*WHAT THE TASK REQUIRES:*
Write the entries below out again exactly, but skip the pictures.

Excerpts from a dataset
BEGIN
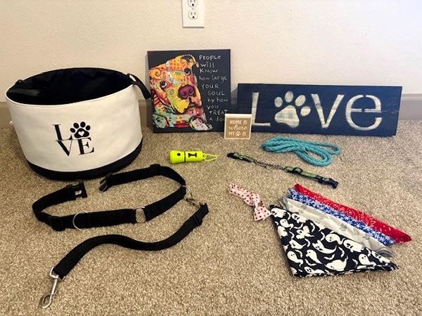 Adorable pet accessories includes:  soft-sided toy basket (10" T x 14" diameter), square wall art (12x12"), rectangular wall art (7x23'), 5' leash and martingale collar, 4 seasonal bandanas and a bow-tie, flashlight-bag carrier, adjustable waist-leash.  All in great condition!
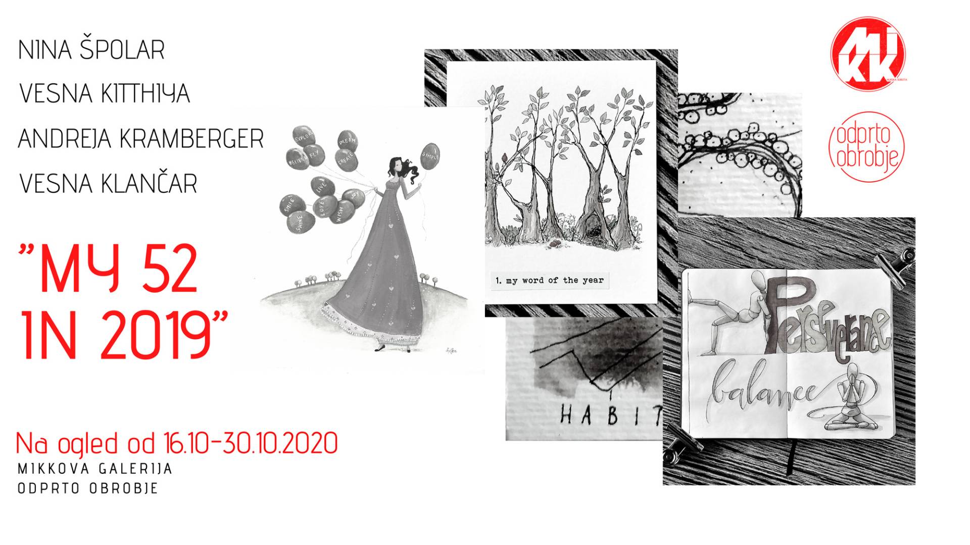 »My 52 in 2019« oziroma 52 vnaprej določenih tem za ustvarjanje v katerem koli mediju je bil mednarodno zastavljen in s spletno skupino podprt celoletni projekt. Na razstavi se predstavljajo štiri ilustratorke, ki so se opogumile stopiti iz varnega zavetja spleta in predstaviti svoja zasebna ustvarjanja. Prvič v tej formi je bil projekt speljan že leta 2017 poteka pa tudi letos.
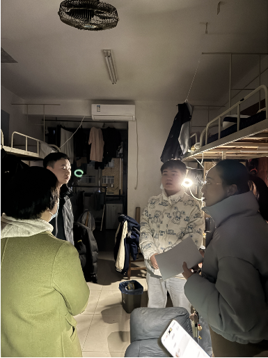 用电安全是此次走访的重点关注内容。老师们仔细检查了每个寝室的用电设备,向同学们强调了安全用电的重要性。“安全无小事,关乎你我他。”一个小小的疏忽都可能引发不可挽回的灾难,希望大家务必严格遵守学校的用电规定,共同维护我们的安全校园。
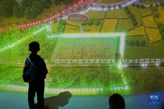 10月19日,在2023成都世界科幻大會主題展覽上,參觀者觀看宣漢羅家壩遺址視頻投影。
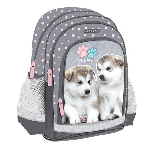 Wygodny i funkcjonalny plecak szkolny Starpak z młodzieżową grafiką z pieskami Haskimi. Użytkowanie takiego plecaka to czysta przyjemność. Zapoznaj się również z innymi produktami Starpak dedykowanymi młodzieży! Plecak szkolny składa się z dwóch komór zapinanych na zamek, co pozwoli na lepsze zorganizowanie wewnętrznej przestrzeni. Na zewnątrz znajduje się bardzo obszerna przednia, zapinana kieszeń, po bokach dwie kieszenie ze ściągaczem na umieszczenie w nich bidonu z napojem. Plecy i szelki wyściełane gąbką zapewniają komfort użytkowania i równomierne rozłożenie obciążenia na plecach dziecka. Wykonany z trwałego materiału wykończonego elementami odblaskowymi dla większego bezpieczeństwa. Plecak jest wyrobem tekstylnym. Przeznaczony dla dzieci w wieku: 3+. Wymiary produktu (wys.x szer. x gł.) [cm] 39x29x19,5.
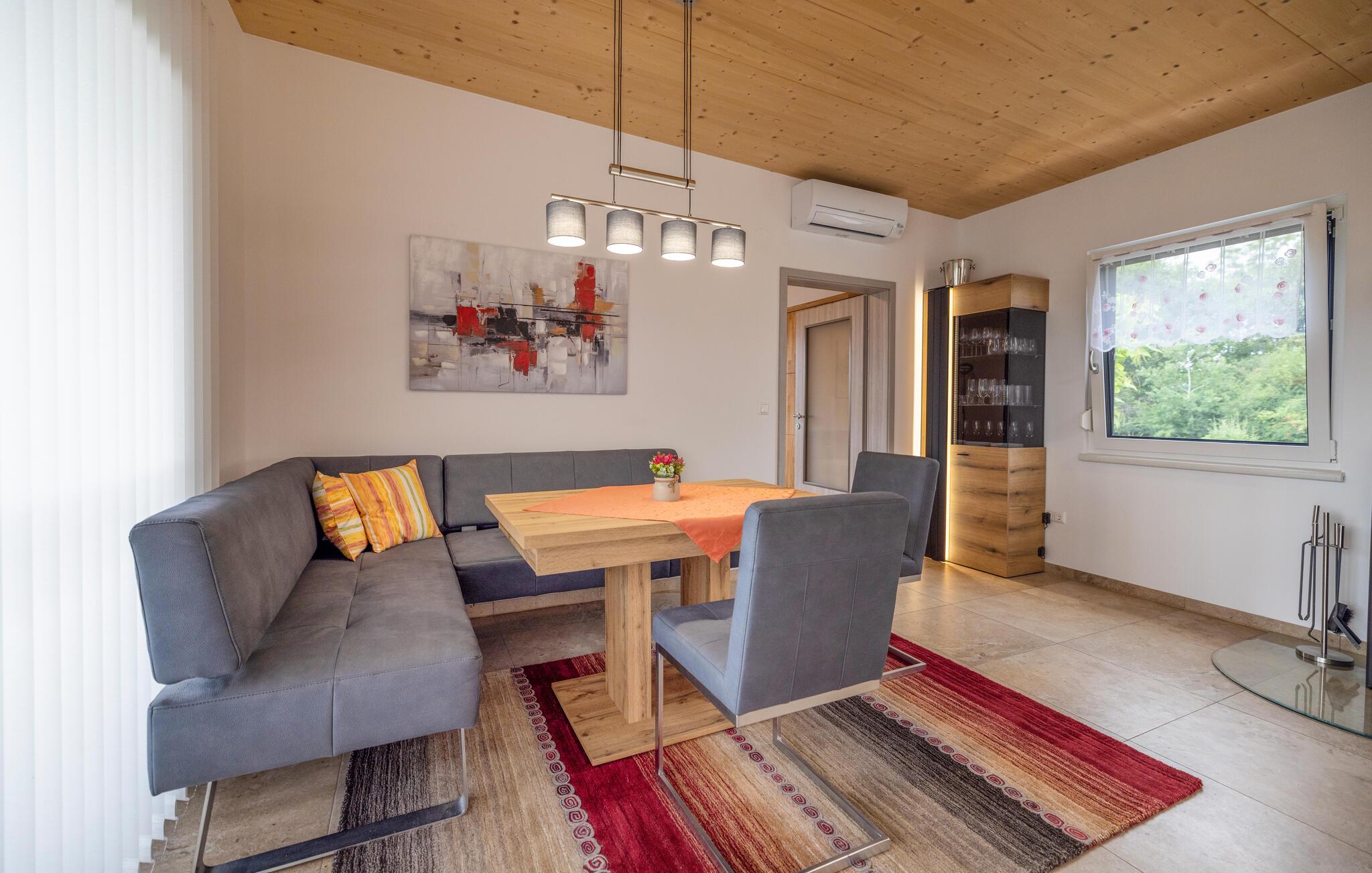 Sæt hverdagen på pause og nyd afslappende dage i dette indbydende hus. Træd ind i en smagfuld stue med moderne møbler og tiltalende farver. Her kan I slappe af efter dagens aktiviteter med gode samtaler og brætspil. Nyd måltider sammen ved spisebordet, mens I lægger planer for den næste dag.
END
*TASK ANSWER:*
 Adorable pet accessories includes:  soft-sided toy basket (10" T x 14" diameter), square wall art (12x12"), rectangular wall art (7x23'), 5' leash and martingale collar, 4 seasonal bandanas and a bow-tie, flashlight-bag carrier, adjustable waist-leash.  All in great condition!
 »My 52 in 2019« oziroma 52 vnaprej določenih tem za ustvarjanje v katerem koli mediju je bil mednarodno zastavljen in s spletno skupino podprt celoletni projekt. Na razstavi se predstavljajo štiri ilustratorke, ki so se opogumile stopiti iz varnega zavetja spleta in predstaviti svoja zasebna ustvarjanja. Prvič v tej formi je bil projekt speljan že leta 2017 poteka pa tudi letos.
 用电安全是此次走访的重点关注内容。老师们仔细检查了每个寝室的用电设备,向同学们强调了安全用电的重要性。“安全无小事,关乎你我他。”一个小小的疏忽都可能引发不可挽回的灾难,希望大家务必严格遵守学校的用电规定,共同维护我们的安全校园。
 10月19日,在2023成都世界科幻大會主題展覽上,參觀者觀看宣漢羅家壩遺址視頻投影。
 Wygodny i funkcjonalny plecak szkolny Starpak z młodzieżową grafiką z pieskami Haskimi. Użytkowanie takiego plecaka to czysta przyjemność. Zapoznaj się również z innymi produktami Starpak dedykowanymi młodzieży! Plecak szkolny składa się z dwóch komór zapinanych na zamek, co pozwoli na lepsze zorganizowanie wewnętrznej przestrzeni. Na zewnątrz znajduje się bardzo obszerna przednia, zapinana kieszeń, po bokach dwie kieszenie ze ściągaczem na umieszczenie w nich bidonu z napojem. Plecy i szelki wyściełane gąbką zapewniają komfort użytkowania i równomierne rozłożenie obciążenia na plecach dziecka. Wykonany z trwałego materiału wykończonego elementami odblaskowymi dla większego bezpieczeństwa. Plecak jest wyrobem tekstylnym. Przeznaczony dla dzieci w wieku: 3+. Wymiary produktu (wys.x szer. x gł.) [cm] 39x29x19,5.
 Sæt hverdagen på pause og nyd afslappende dage i dette indbydende hus. Træd ind i en smagfuld stue med moderne møbler og tiltalende farver. Her kan I slappe af efter dagens aktiviteter med gode samtaler og brætspil. Nyd måltider sammen ved spisebordet, mens I lægger planer for den næste dag.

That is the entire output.